Class ByteLevelPostProcessor
ByteLevel post processor only concatenates the pair sequences. The former implementation from Hugging Face trims offsets of tokenized strings, but this implementation does support offsets.
Implements
Inherited Members
Namespace: Unity.InferenceEngine.Tokenization.PostProcessors
Assembly: Unity.InferenceEngine.Tokenization.dll
Syntax
public class ByteLevelPostProcessor : IPostProcessor
Constructors
ByteLevelPostProcessor(bool)
Initializes a new instance of the ByteLevelPostProcessor type.
Declaration
public ByteLevelPostProcessor(bool trimOffsets = false)
Parameters
| Type | Name | Description |
|---|---|---|
| bool | trimOffsets | Whether to trim the whitespaces from the produced offsets. Not yet implemented. |
Methods
GetNumAddedTokens(bool)
Determines the number of tokens that this IPostProcessor will add to the sequence of tokens.
Declaration
public int GetNumAddedTokens(bool _)
Parameters
| Type | Name | Description |
|---|---|---|
| bool | _ |
Returns
| Type | Description |
|---|---|
| int | Number of tokens that this IPostProcessor will add to the sequence of tokens |
PostProcess(IReadOnlyList<IReadOnlyList<Token>>, IReadOnlyList<IReadOnlyList<Token>>, bool, Output<IEnumerable<IEnumerable<Token>>>)

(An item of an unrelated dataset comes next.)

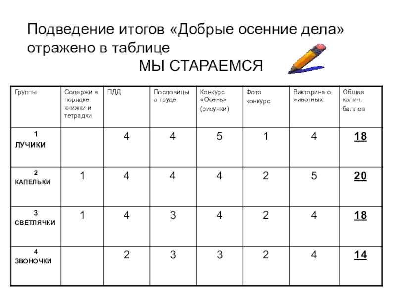 Слайд 9Подведение итогов «Добрые осенние дела» отражено в таблице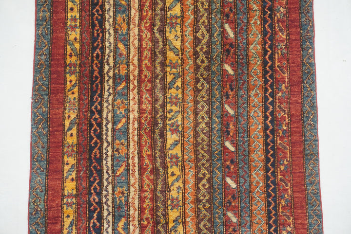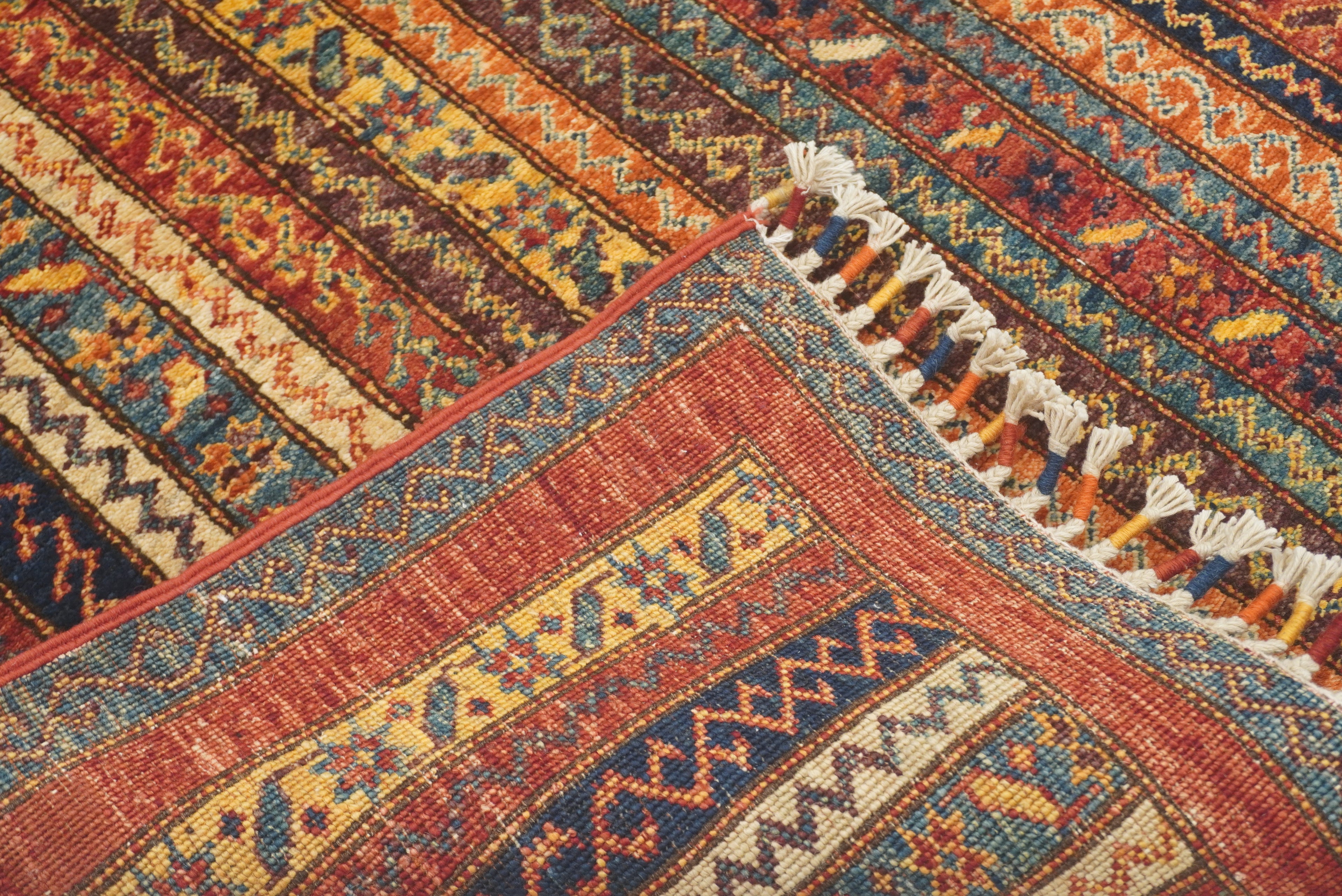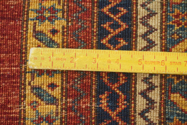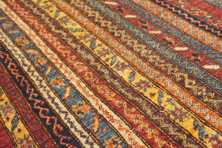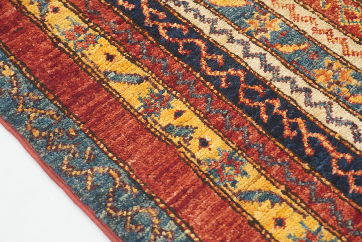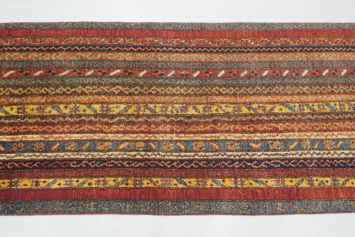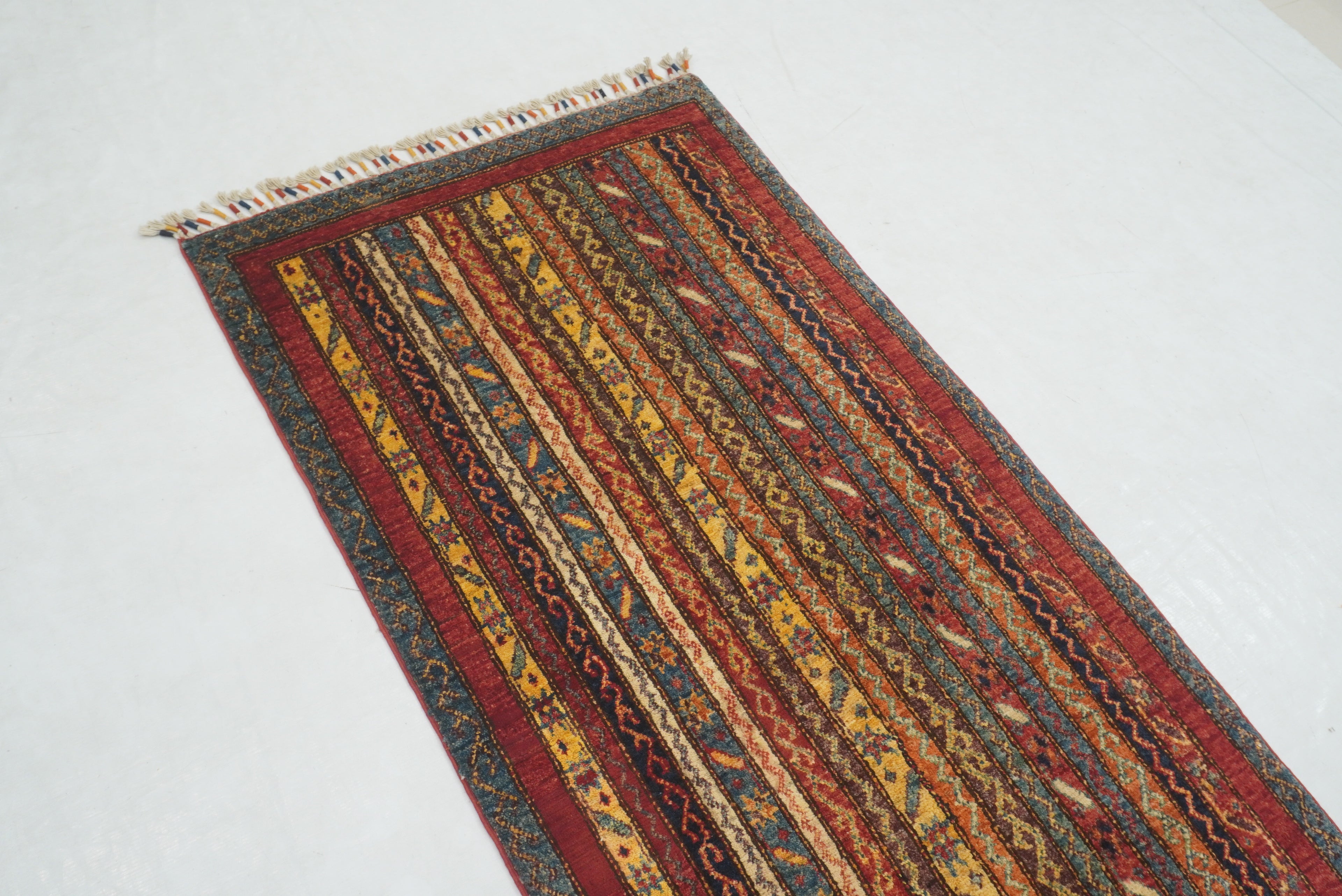 10 ft Red Turkish Shawl Striped Pattern Hand knotted Runner Rug

Processes the sequence of tokens.
Declaration
public void PostProcess(IReadOnlyList<IReadOnlyList<Token>> sequenceA, IReadOnlyList<IReadOnlyList<Token>> sequenceB, bool _, Output<IEnumerable<IEnumerable<Token>>> output)
Parameters
| Type | Name | Description |
|---|---|---|
| IReadOnlyList<IReadOnlyList<Token>> | sequenceA | The single, or first sequence of tokens. |
| IReadOnlyList<IReadOnlyList<Token>> | sequenceB | The second sequence of a pair. |
| bool | _ | |
| Output<IEnumerable<IEnumerable<Token>>> | output | The recipient of processed sequences. |